> [WHAT THE EXERCISE ASKS]: What you return should be only the lines in the entries below between the one holding "您的位置:他他商城  >   >  周年庆布置场景装饰主题活动氛围仪式打卡道具定制拍照框展板" and the one holding "The pro-LTTE Tamil", ends included, with every picture left out.

> [TASK INPUT]:
· · ·

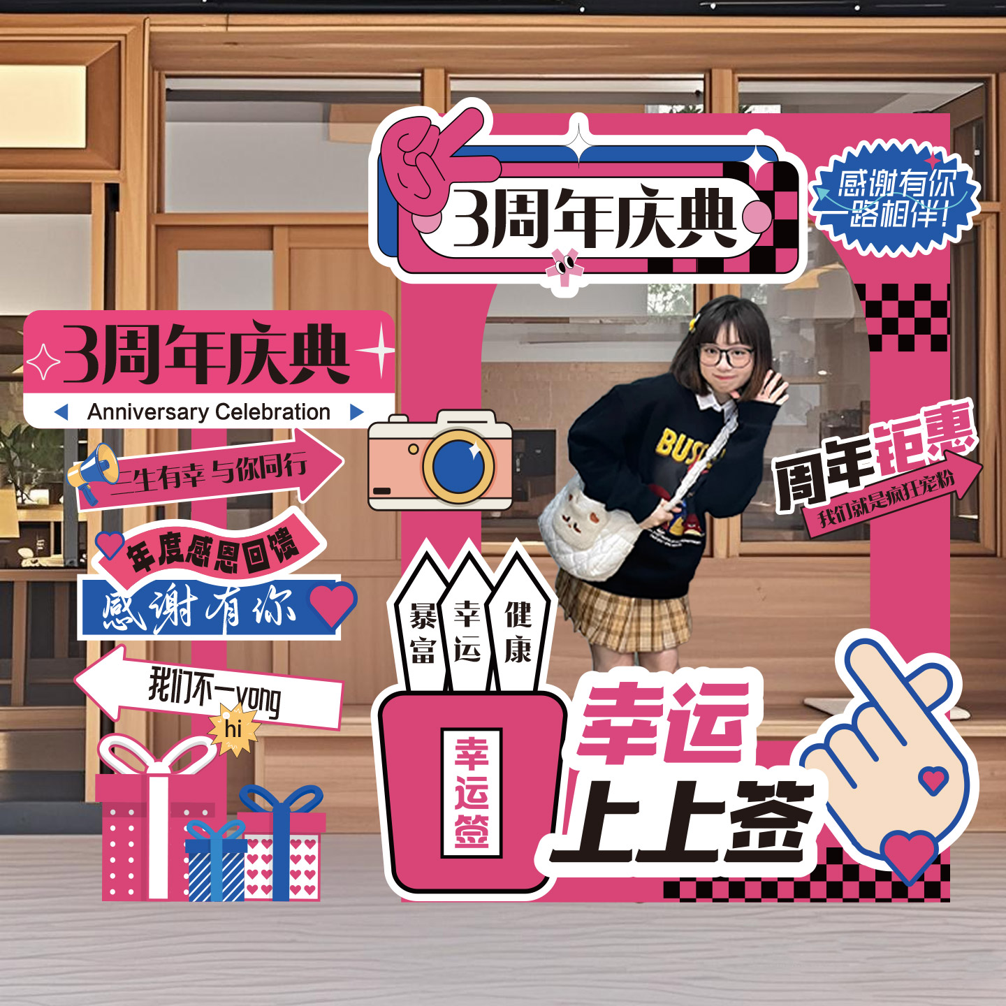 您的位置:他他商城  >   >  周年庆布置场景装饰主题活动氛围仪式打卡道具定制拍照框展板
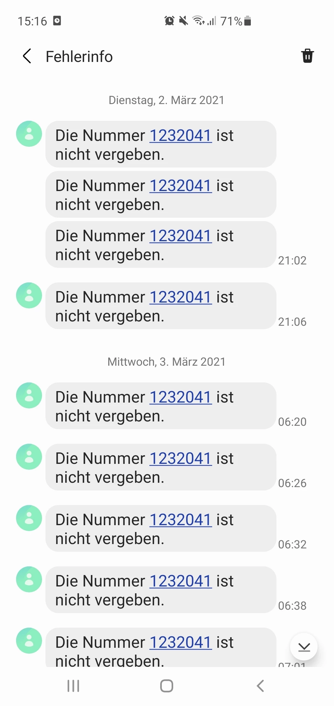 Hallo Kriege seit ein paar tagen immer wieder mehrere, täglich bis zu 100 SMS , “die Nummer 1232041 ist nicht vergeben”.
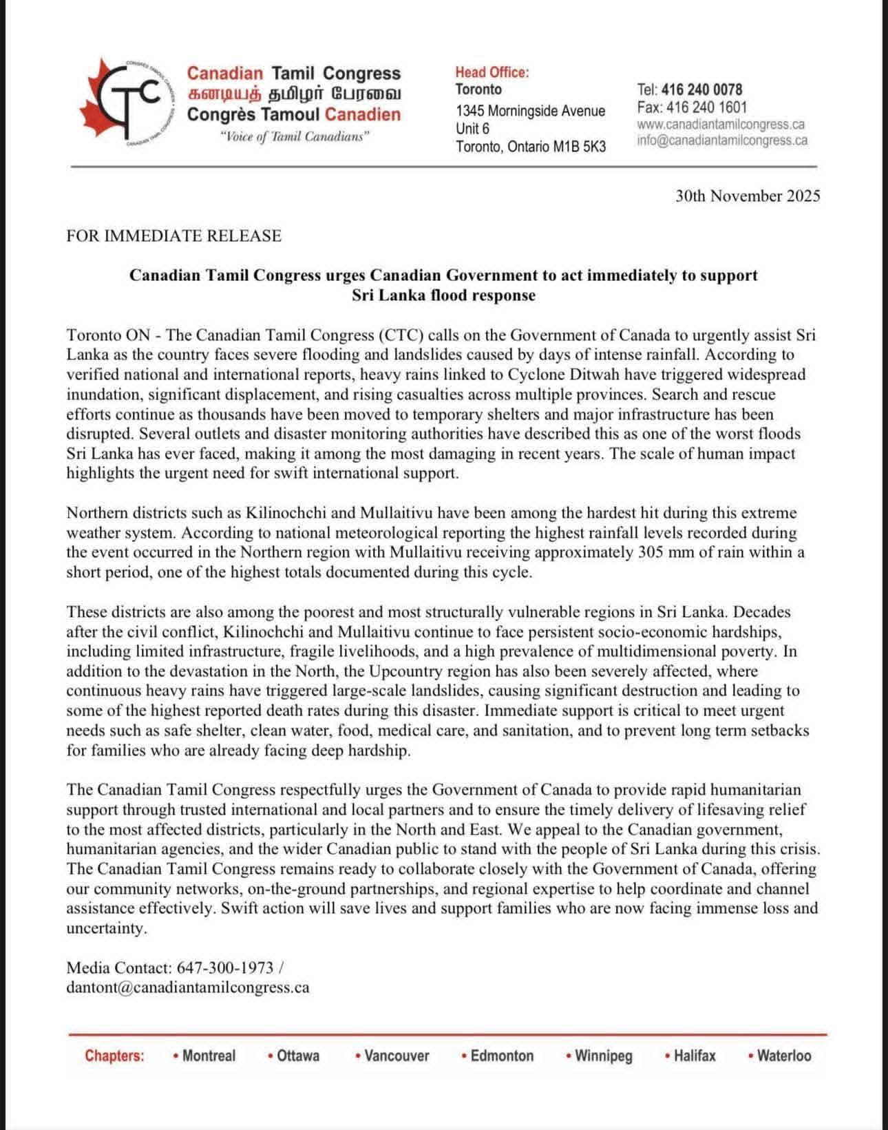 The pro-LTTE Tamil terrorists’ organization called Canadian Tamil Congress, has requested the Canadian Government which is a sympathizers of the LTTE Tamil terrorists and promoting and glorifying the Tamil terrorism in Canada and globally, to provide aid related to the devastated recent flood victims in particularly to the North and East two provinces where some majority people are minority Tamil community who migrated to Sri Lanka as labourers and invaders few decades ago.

· · ·

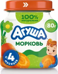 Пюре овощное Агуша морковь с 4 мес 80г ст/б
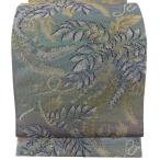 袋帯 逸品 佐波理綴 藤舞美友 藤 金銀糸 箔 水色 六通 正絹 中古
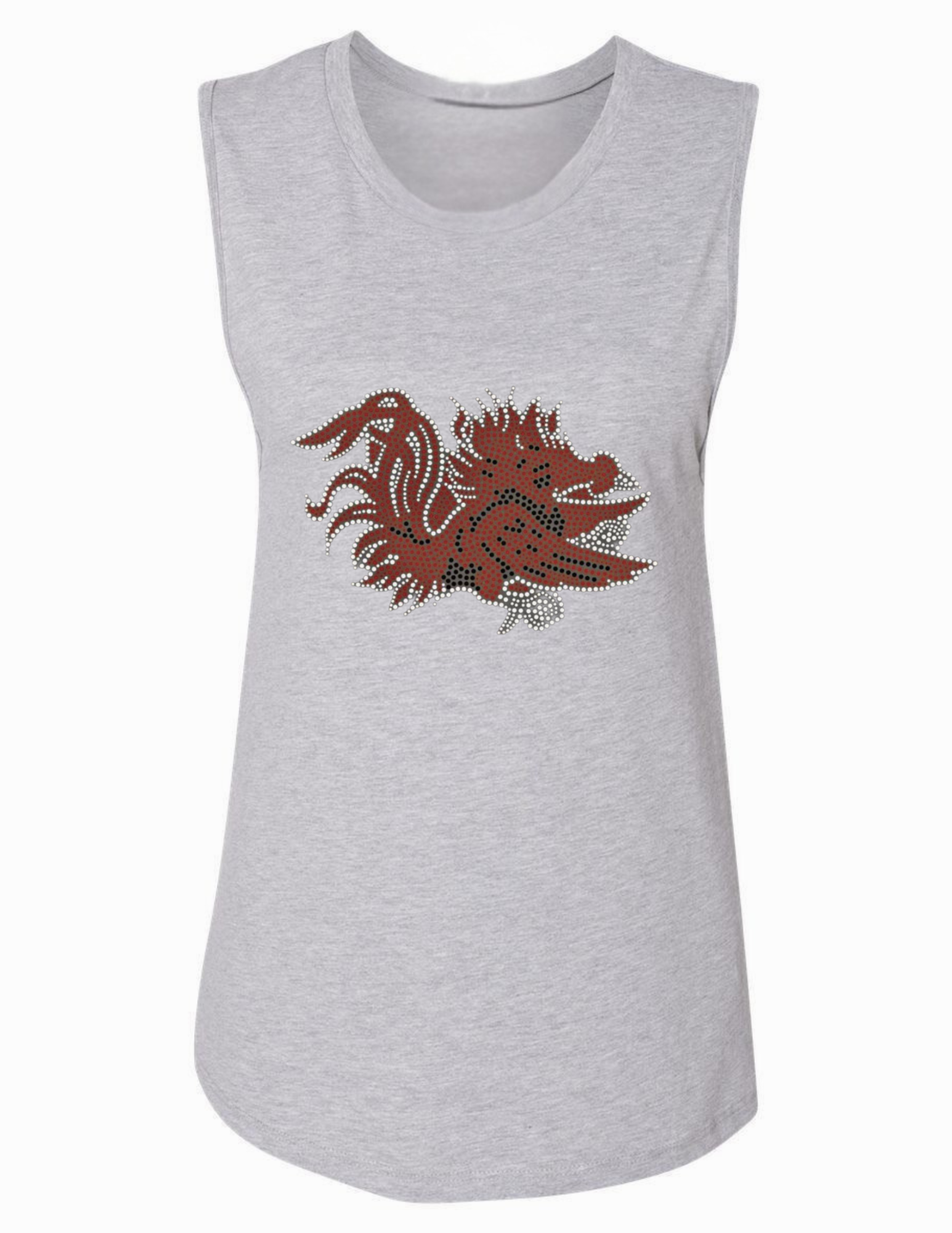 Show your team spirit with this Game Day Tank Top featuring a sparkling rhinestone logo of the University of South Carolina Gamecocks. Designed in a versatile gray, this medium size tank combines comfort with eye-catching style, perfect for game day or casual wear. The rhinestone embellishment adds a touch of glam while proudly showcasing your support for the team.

· · ·

> [TASK SOLUTION]:
 您的位置:他他商城  >   >  周年庆布置场景装饰主题活动氛围仪式打卡道具定制拍照框展板
 Hallo Kriege seit ein paar tagen immer wieder mehrere, täglich bis zu 100 SMS , “die Nummer 1232041 ist nicht vergeben”.
 The pro-LTTE Tamil terrorists’ organization called Canadian Tamil Congress, has requested the Canadian Government which is a sympathizers of the LTTE Tamil terrorists and promoting and glorifying the Tamil terrorism in Canada and globally, to provide aid related to the devastated recent flood victims in particularly to the North and East two provinces where some majority people are minority Tamil community who migrated to Sri Lanka as labourers and invaders few decades ago.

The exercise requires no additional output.